Same here; I was really hoping Bam would make it since he's one of my all-time favourites. :(



Your Local Wild Child said:


> I don’t really dislike him (he’s my favorite goat), I just don’t understand why he’s lauded as highly as unique villagers despite just being a soft-looking blue goat, while similarly cute villager Megan gets thrown to the wayside



Even though I really like Sherb, I agree! I also like Megan (along with all the other new villagers except for Dom) and while I think Sherb is super cute, with his blue colour scheme, orange ears, and pink cheeks, he just seems like a pastel goat version of Filbert to me, and I like Filbert more.


----------



## Your Local Wild Child

Verecund said:


> Even though I really like Sherb, I agree! I also like Megan (along with all the other new villagers except for Dom) and while I think Sherb is super cute, with his blue colour scheme, orange ears, and pink cheeks, he just seems like a pastel goat version of Filbert to me, and I like Filbert more.

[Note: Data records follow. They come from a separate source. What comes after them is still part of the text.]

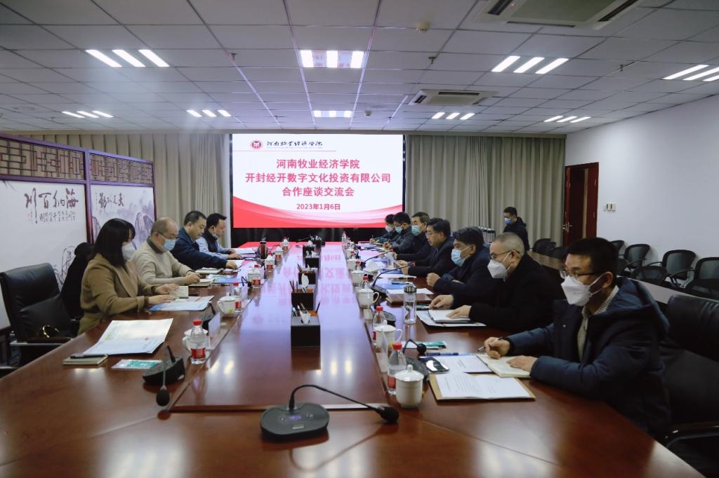 1月6日上午,在龙子湖校区图书馆841会议室,校长罗士喜与开封经开数字文化投资有限公司总经理郭一霖一行开展座谈交流,双方就共建艺术金融产业学院展开商讨并达成了合作意向。会议由副校长杨国宇主持。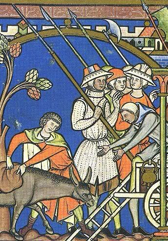 Second, Henry adds new details about the degree of violence involved in his abduction. When his abductors arrived at Furneux Pelham, they were dressed as if for war, sporting acton (a quilted jacket worn under a breastplate), gambeson (a padded defensive jacket) and bascinet (an open-faced helmet). They found Henry in a church (blasphemy, anyone?) from which they dragged him while he was in the midst of raising the hue and cry. He did not know where they brought him (perhaps an attempt to let Humphrey de Bohun off the hook?), but he was maltreated and imprisoned from the moment of the abduction (3 July) until the time of his release on 7 October. Damages for the abduction, ill-treatment, and imprisonment, Henry believed, should be set at £200.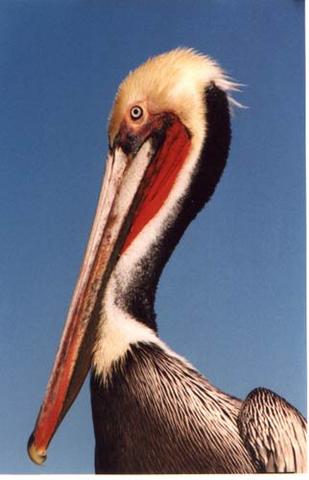 The state bird of Louisiana is unique among the world's seven species of pelicans. The brown pelican is found along the ocean shores and not on inland lakes. It is the only dark pelican, and also the only one that plunges from the air into the water to catch its food.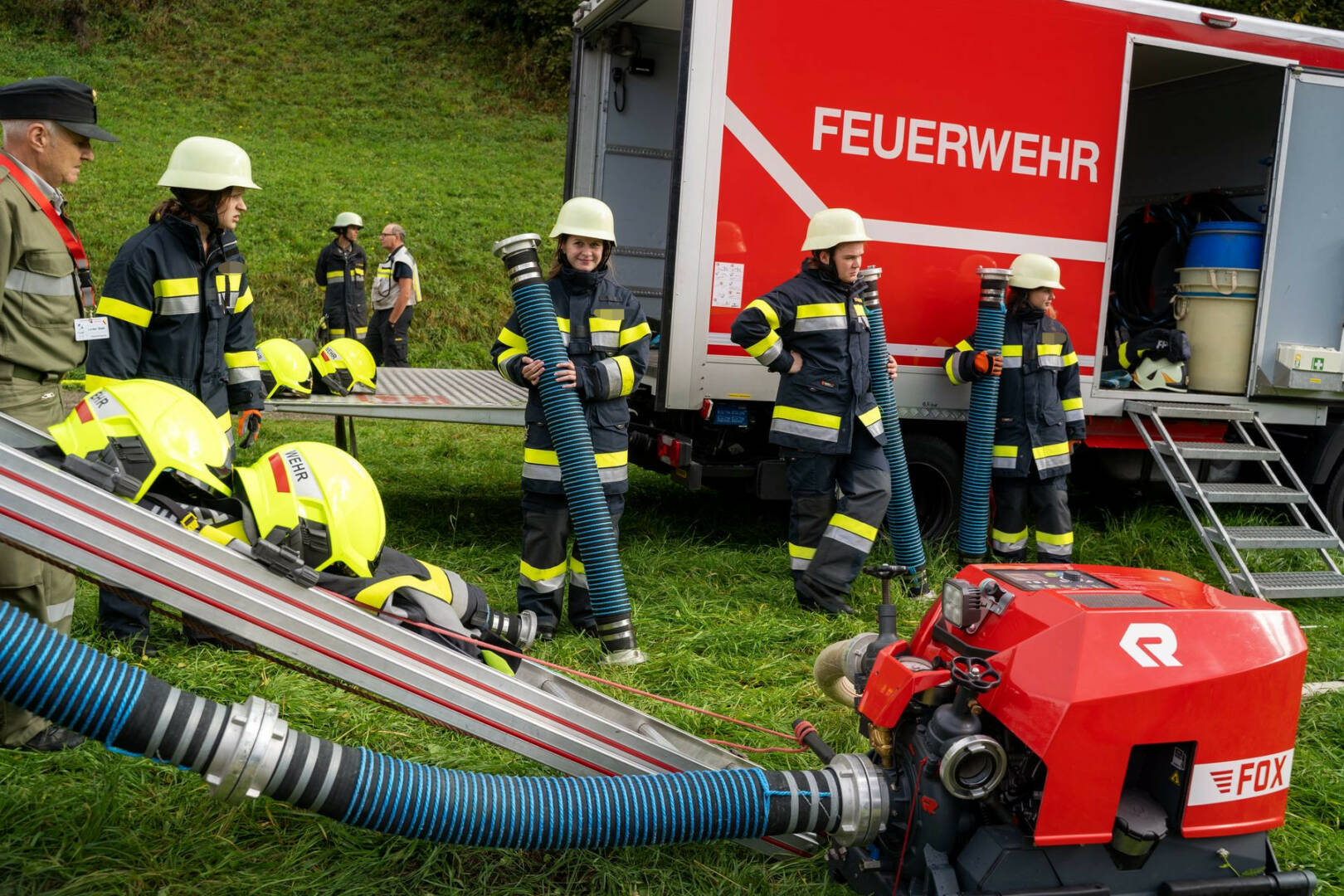 Gesamteinsatzleiter und Abschnittsfeuerwehrkommandant BR Christian Göckler zeigte sich bei der Schlussbesprechung begeistert von den Leistungen der Kameradinnen und Kameraden bei dieser Großübung. Die Löschwasserversorgung war in vergleichsweise kurzer Zeit in ausreichendem Umfang sichergestellt und die Zusammenarbeit aller Einsatzkräfte hat bestens funktioniert. Zahlreiche Erkenntnisse für den Ernstfall konnten so gesammelt werden.

Yeah, there’s an obvious baby blue lazy villager set (dizzy and Hornsby also fit that archetype). I have no problem with the archetype itself but I don’t get why the goat is competing with more interesting villagers like Ankha for popularity while the others are only mildly popular at most.


----------



## WaileaNoRei

Bk1234 said:


> Yeah, I wish more deer made it to the Top 24.
> 
> 
> I’m glad you’ve come to like him more.  He’s definitely a good pick if you’re going for a more natural-themed island.
> 
> 
> Ah, so it seems the eyes are a pull factor for some and a push factor for others.  A lot of villagers look way cuter when you encounter them on the mystery island tours for the first time.



Definitely agree with this last part, Beau is a villager I am mostly neutral toward - but I will say I encountered him on a dream island and he is cuter in game than the nookipedia pictures make him seem. Pocket camp has also made me like certain villagers more than I did previously.

I’m not sure how I feel about his eyes, but I suppose as someone who is ride or die for Tabby I can’t be too judgey on weird eyes  

	Post automatically merged: Dec 19, 2020



Your Local Wild Child said:


> I don’t really dislike him (he’s my favorite goat), I just don’t understand why he’s lauded as highly as unique villagers despite just being a soft-looking blue goat, while similarly cute villager Megan gets thrown to the wayside





Bk1234 said:


> That’s true. Megan is definitely one of the most underrated villagers in ACNH.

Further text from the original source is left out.